Good documentation protects you when stories change. In California, corporations must maintain key records, such as bylaws, minutes and shareholder lists. LLCs must keep operating agreements and member records. Keep minutes for board and shareholder meetings, track written consents and store notices and agendas. Use one source of truth for versions and approvals. When you treat records like operational assets, you reduce disputes about what happened.

Set communication rules that reduce heat and protect the team

Shareholder disputes can flood your inbox and distract leaders. Set a clear protocol so you control timing, tone and recipients.

  • Route shareholder requests through one executive point person
  • Confirm requests in writing and log deadlines and responses
  • Avoid side texts and hallway promises with either faction
  • Share updates through formal channels, not group chats
  • Keep managers focused on performance goals and customer commitments

These steps lower emotion and create a reliable trail.

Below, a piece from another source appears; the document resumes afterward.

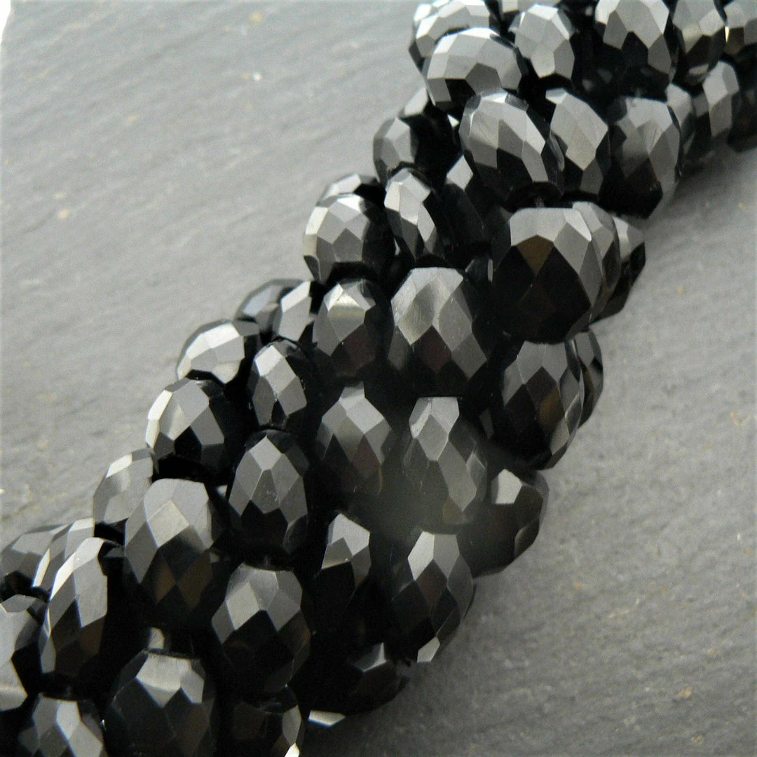 Beautiful glossy Black Onyx faceted oval beads on a 15″ strand measuring approx 6x9mm in size (some slightly more or less). Just stunning beads with great sparkle and shine.

Protect sensitive information without blocking lawful access

You must guard trade secrets, pricing, customer lists and employee data. At the same time, California law can require access to certain corporate books and records. Work with counsel to separate what you must disclose from what you should restrict. Use role-based access, limit downloads and require secure portals for production. If you suspect misuse, document it and act fast.

A steady plan for stability during uncertainty

You protect the company by staying neutral, keeping records tight and controlling information flow. Partner with counsel early, then share your org chart, cap table, key contracts, recent minutes and any disputed communications. Ask for a response plan and a meeting playbook. With that roadmap, you can limit disruption while the legal process runs its course.